Investigation of In Vitro Susceptibility and Resistance Mechanisms in Skin Pathogens: Perspectives for Fluoroquinolone Therapy in Canine Pyoderma
, Flavia Zendri 3, Dorina Timofte 3, Yu-Mei Chang 4 and Ludovic Pelligand 1,2,*
Round 1
Reviewer 1 Report
This article entitled “Investigation of in vitro susceptibility and resistance mechanisms in skin pathogens: perspectives for fluoroquinolone therapy in canine pyoderma” have certain merits, due to the importance of the increased incidence of FQ-resistance, which represents a risk to animal and public health
However, there are a number of minor changes, which should be incorporated.
Line 50. FQs have a broad spectrum of activity and are listed as second choice antimicrobials [18]. Their use should be prudently limited to clinical cases where first-line antibiotics have been ineffective …
It would be interesting include an advise about the Fluoroquinolones are classified for EMA (European medicines Agency) as an antimicrobial of second choice (following the recommendation of Critically Important Antimicrobials (CIA) in the World Health Organization’s CIA list)
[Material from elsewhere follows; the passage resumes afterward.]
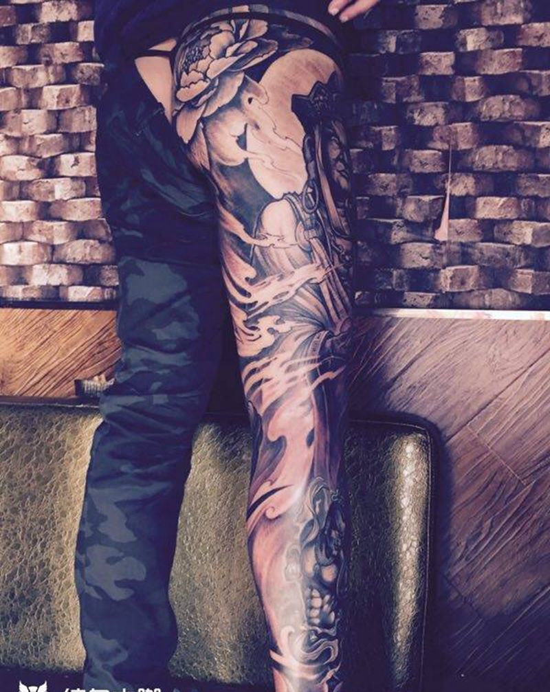 • T网红王老大花腿龙纹身图片_腿部新传统纹身图案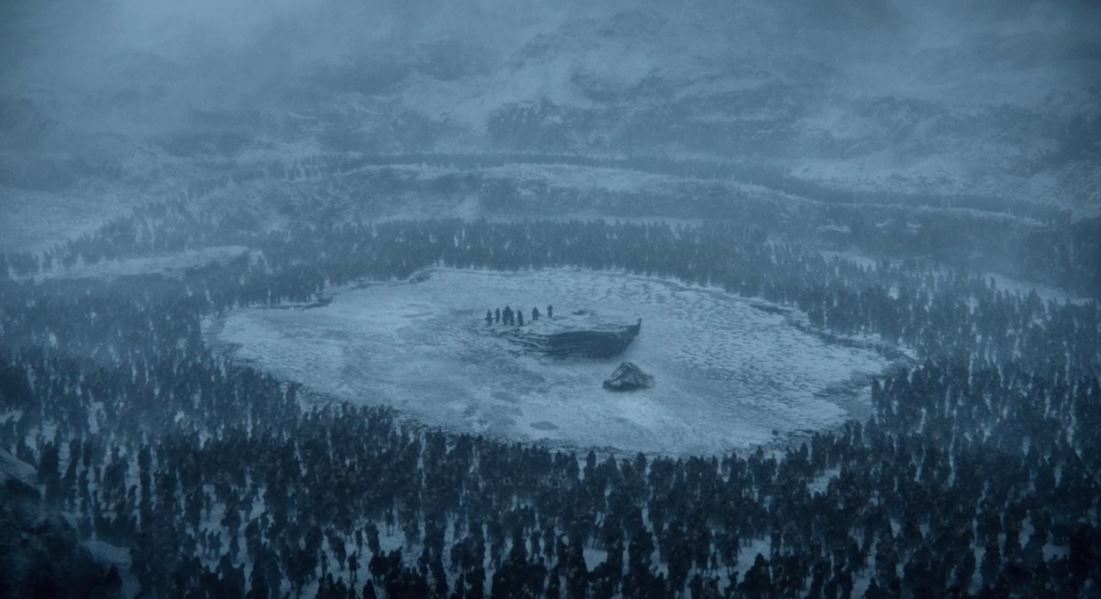 Em contrapartida, os Caminhantes Brancos e seus zumbis esperam nas bordas do lago congelado, no centro do qual a comitiva se isolou. Ainda que os zumbis não pudessem caminhar na superfície do lago sem quebrá-la, eles poderiam atirar lanças, flechas ou pedras. Mas não, eles esperam pacientemente. O Rei da Noite já esperou 8 mil anos desde a última Longa Noite, o que seriam mais algumas horas, não é mesmo? É quase como se ele já soubesse que Dany viria com os três dragões (não faria sentido nenhum ele saber, mas vai que ele tem uns poderes de visão como o Bran, né? Sei lá…).

https://www.ema.europa.eu/en/documents/report/categorisation-antibiotics-european-union-answer-request-european-commission-updating-scientific_en.pdf
Line 139 2.3. Resistance mechanism detection
S. aureus: in five selected resistant isolates (3 MSSA and 3 MRSA)
Please check data
Line 251 Material and methods
… were collected from Germany between 2005-2006 and 2010-2011, respectively. E. coli (n=65) were collected from the UK (Royal Veterinary College and University of Liverpool) from 2010 and 2017.
There is a lot of difference in years and that implies differences in antibiotic pressure from different FQ. They should explain something in the discussion
Author Response
Dear Reviewer,
The authors would like to thank you for your time and feedback on our manuscript and provide the following responses addressing your comments:
Reviewer 1
Line 50. FQs have a broad spectrum of activity and are listed as second choice antimicrobials [18]. Their use should be prudently limited to clinical cases where first-line antibiotics have been ineffective …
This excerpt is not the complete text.